The newly deployed AGVs used Wi-Fi to connect to the network but would randomly stop working. For more than 6 months, the IT organization saw these systems fall off the Wi-Fi network. And these are not inexpensive devices.

The AGVs are designed to constantly check in to their command and control several multiple times a second. If a robot misses a certain number of “check-ins”, it freezes on the spot. This required manual intervention with the device on the warehouse floor to reset the IoT robot. The device behavior was clearly abnormal. But where was the problem hiding?

It’s a Wi-Fi problem. Or is it?

In their frustration, the network team approached the AGV vendor for assistance. The response received was the typical: “It’s the Wi-Fi network.” Wrong answer, but quantitative proof was needed.
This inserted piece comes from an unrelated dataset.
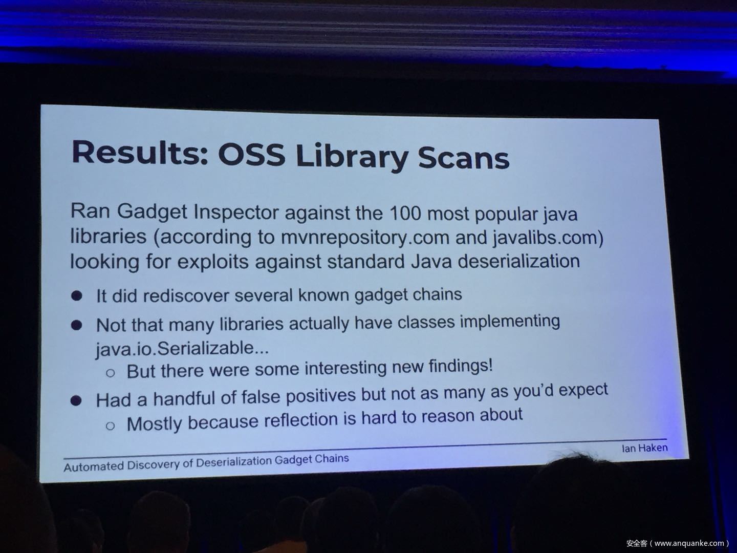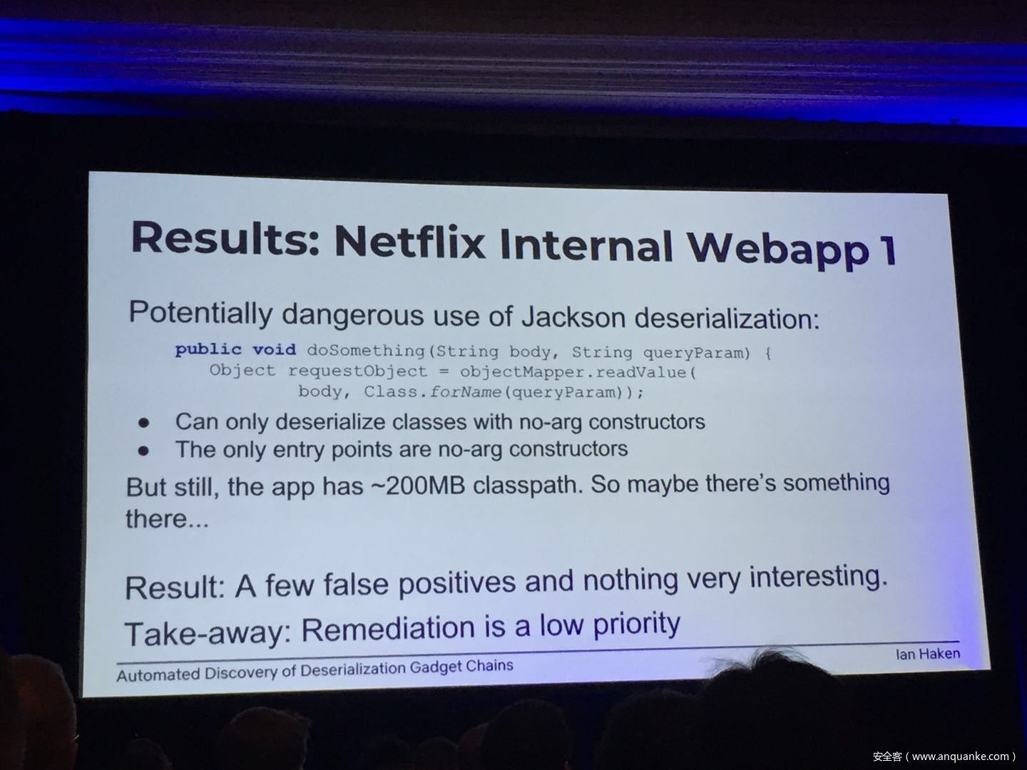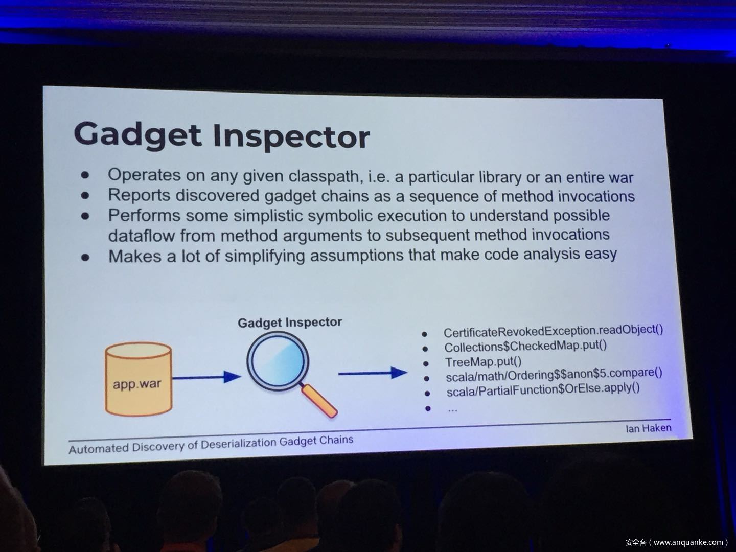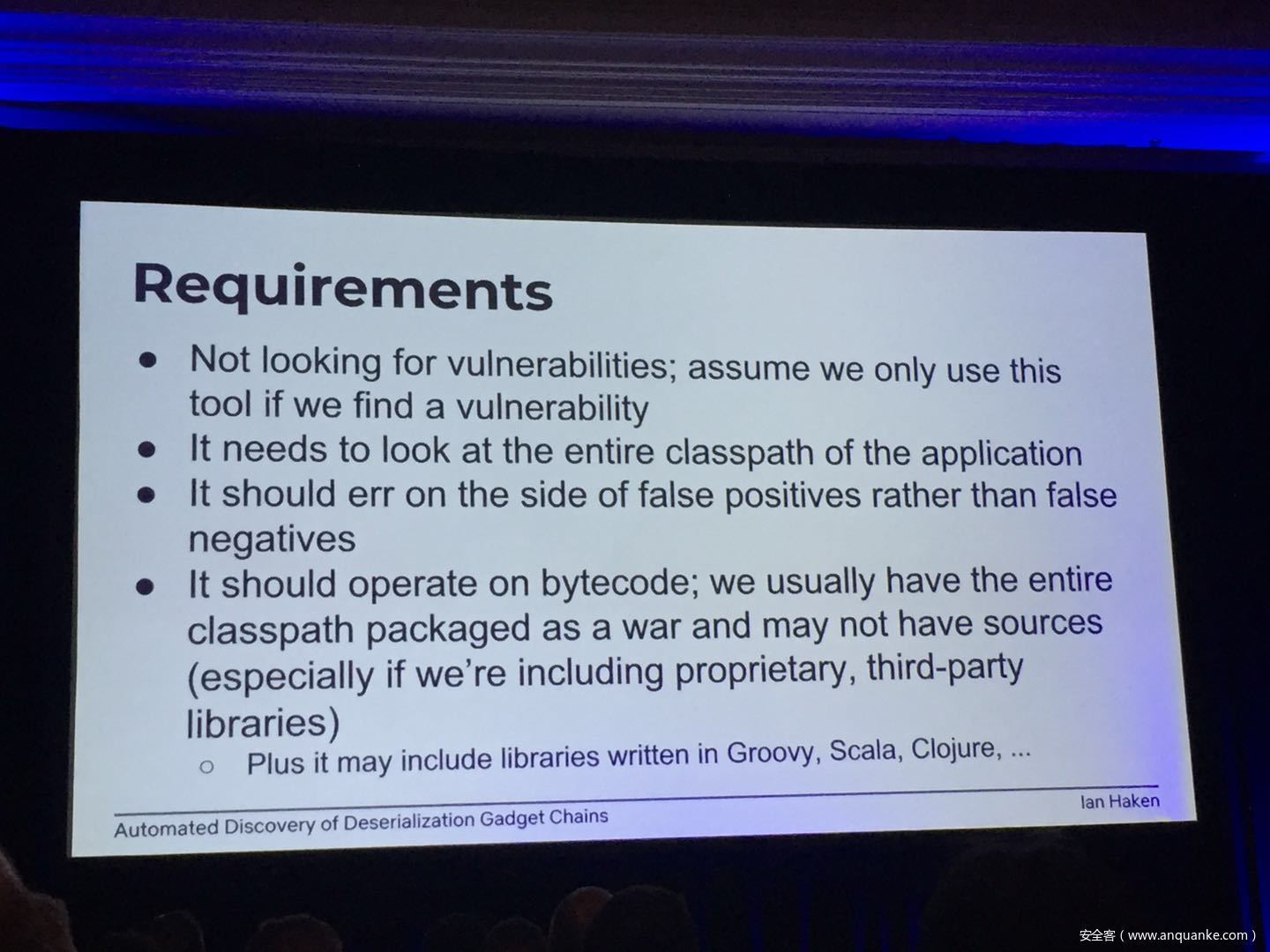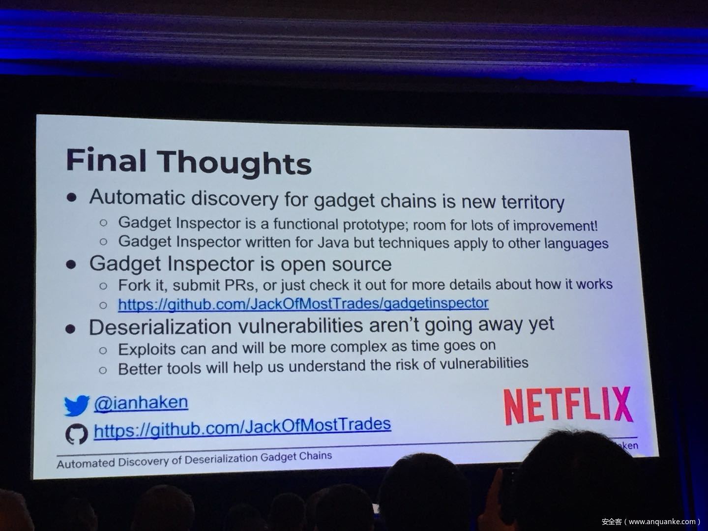 Although vulnerabilities stemming from the deserialization of untrusted data have been understood for many years, unsafe deserialization continues to be a vulnerability class that isn’t going away. Attention on Java deserialization vulnerabilities skyrocketed in 2015 when Frohoff and Lawrence published an RCE gadget chain in the Apache Commons library and as recently as last year’s Black Hat, Muñoz and Miroshis presented a survey of dangerous JSON deserialization libraries. While much research and automated detection technology has so far focused on the discovery of vulnerable entry points (i.e. code that deserializes untrusted data), finding a “gadget chain” to actually make the vulnerability exploitable has thus far been a largely manual exercise. In this talk, I present a new technique for the automated discovery of deserialization gadget chains in Java, allowing defensive teams to quickly identify the significance of a deserialization vulnerability and allowing penetration testers to quickly develop working exploits. At the conclusion, I will also be releasing a FOSS toolkit which utilizes this methodology and has been used to successfully develop many deserialization exploits in both internal applications and open source projects.

The wireless network had recently been upgraded and was functioning flawlessly with the exception of a particular SSID to which these IoT robots were connected. And because these IoT devices were directly tied to line of business goals, time was of the essence. The traditional means of triaging the problem would simply take too long, negatively impacting revenue and productivity.

To identify the root cause of the problem, network engineers needed to analyze in real-time each network transaction that the robots were performing so that they could understand the relationship between the transactions to get to the heart of the problem. This could take weeks of scouring through log, raw packets and other data from a variety of disparate vendor tools. Instead, IT engineers turned to an AI-based analytics platform that was divorced from any infrastructure vendor.
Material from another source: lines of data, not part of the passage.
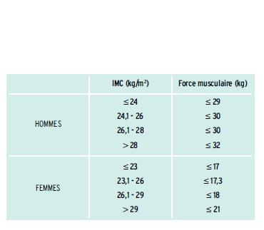 Un des marqueurs de l’obésité sarcopénique est la diminution de la force musculaire, facilement mesurable par un appareil dynamomètre appelé Handgrip, avec des abaques bien établies (cf. tableau).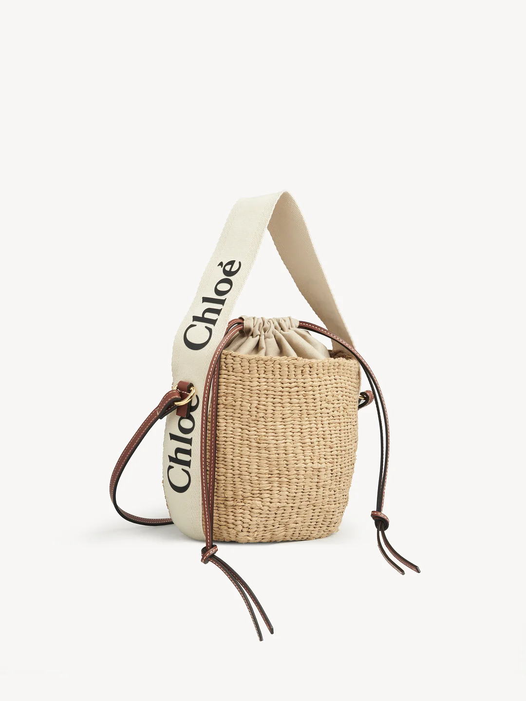Crafted in a compact, round basket shape for an easy summer attitude, this small Woody basket is hand-woven from partly upcycled materials by independent craftswomen in Kenya. The basket has a drawstring fastening and a long leather strap for shoulder and cross-body wear. Echoing the Maison's Woody mule, the line's signature Chloé logo ribbon details the natural fiber and creates a wide handle.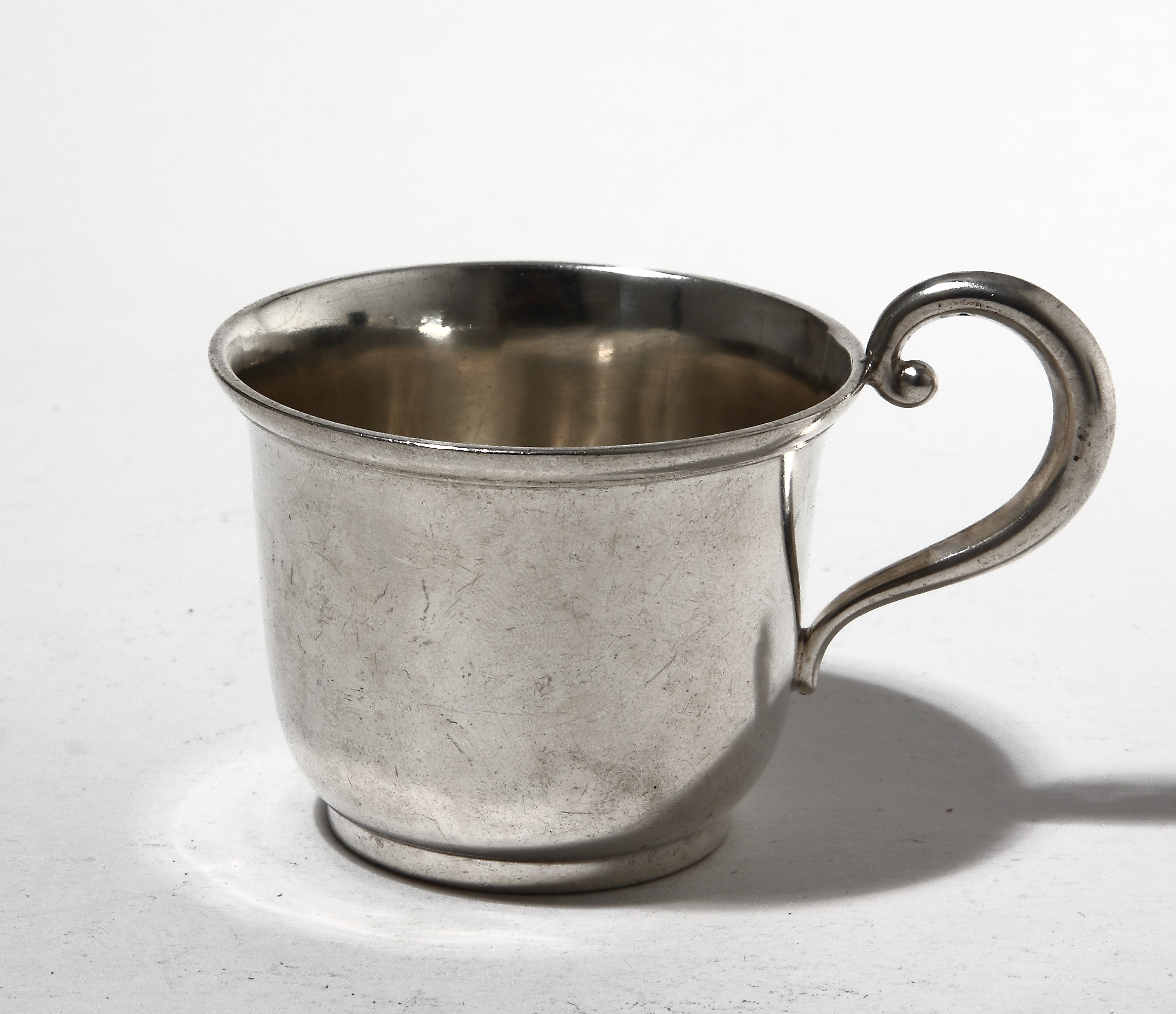 Детская серебряная кружечка.Дания, 1947 год.Высота - 4,9см, диаметр верха - 6,3см.Вес - 47 граммов серебра не ниже 826 пробы.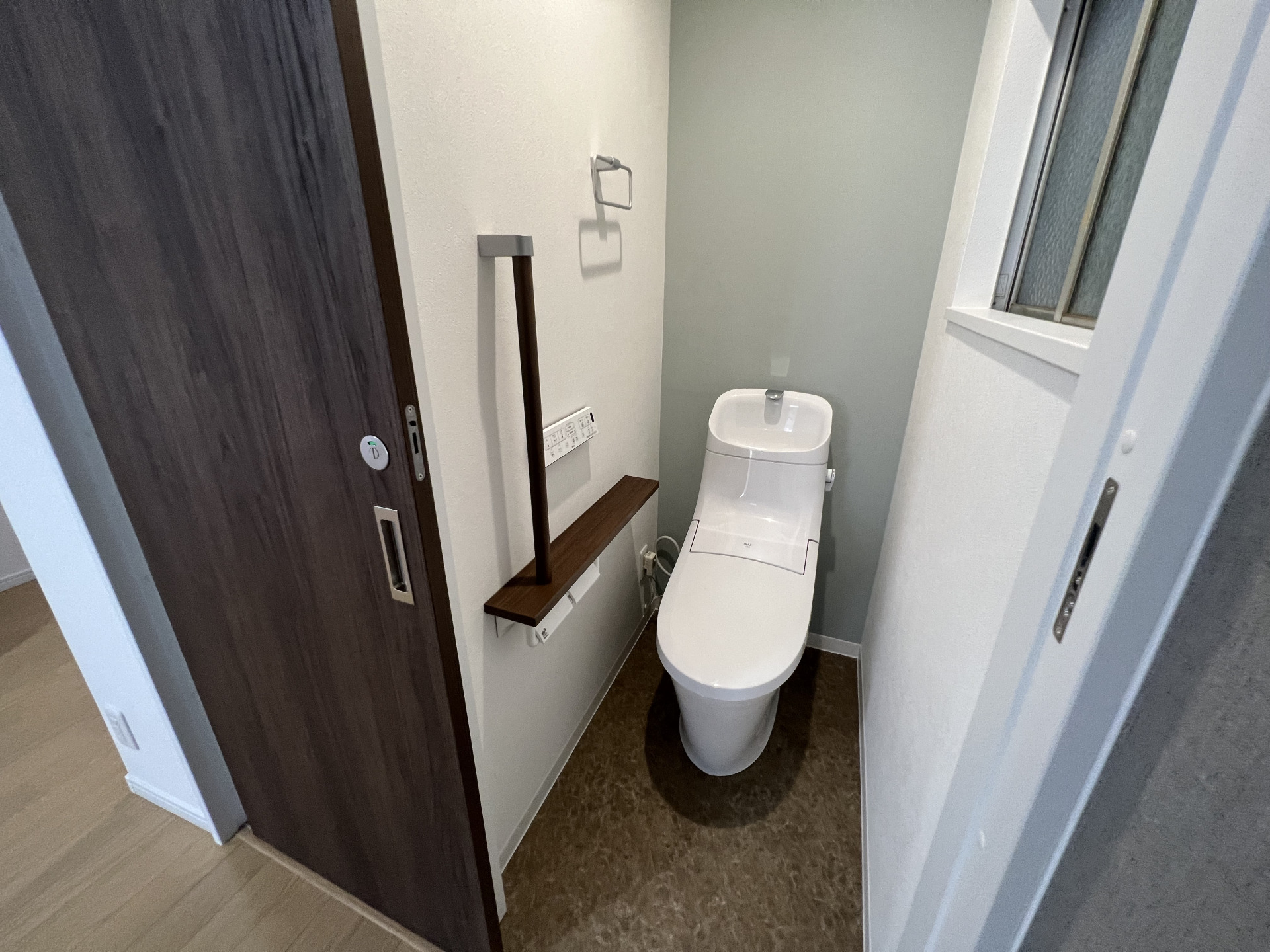 水廻りも新調、トイレ・洗面・洗濯機も寝室に隣接し、安心安全にして生活できるお住まいになりました。店舗用サッシは玄関になり、外観もスタイリッシュに生まれ変わりました。

The software-only platform could be quickly deployed to ingest and automate the analysis of packet data spanned from switches, wireless metrics from WLAN controllers, SYSLOG data from DNS, DHCP and other network services, WAN flows and application response times. By doing this, in short order, IT engineers identified the issue. And guest what? It’s wasn’t a Wi-Fi issue.

An excessive number of DHCP problems were occurring on the SSID to which the AGVs were connected. A closer look revealed that a DHCP snooping setting on a core router was holding the DHCP packets for too long before forwarding to the appropriate destination.

DHCP snooping is a layer 2 security technology built into the operating system of a capable network switch that drops DHCP traffic determined to be unacceptable. The fundamental use case for DHCP snooping is to prevent unauthorized (rogue) DHCP servers offering IP addresses to DHCP clients.

DHCP snooping filters messages. In an enterprise network, devices under administrative control are considered trusted sources. These devices include the switches, routers and servers in the network.

Once a DHCP snooping setting was changed on their core routers, affected devices saw more than a 36% improved performance through the reduction of DHCP protocol latency issues (see figure below). Consequently, the intermittent connectivity of the AGVs disappeared.

This was the precise data that the IT staff needed to prove that this incident wasn’t a Wi-Fi issue. Screen shot validates before and after device performance after DHCP setting was removed from core router.

Automating Network Data Analysis No Longer Optional

While Wi-Fi continues to be a pain for IT staff, it’s simply not the source of every network problem. Siloed infrastructure management solutions were never designed to analyze and compare the preponderance of data running across today’s enterprise infrastructure to solve these sorts of issues.

Moving towards intelligent, purpose-built analytics platforms is an essential first step. This helps organizations to reduce the cost and glut of vendor tools they must buy, learn and use to do their jobs.

With these new AI-based platforms, IT can now automate the analysis and correlation of huge volumes of traffic, reaching faster answers to complex network questions along with essential context to performance and security problems that can cut remediation times in half.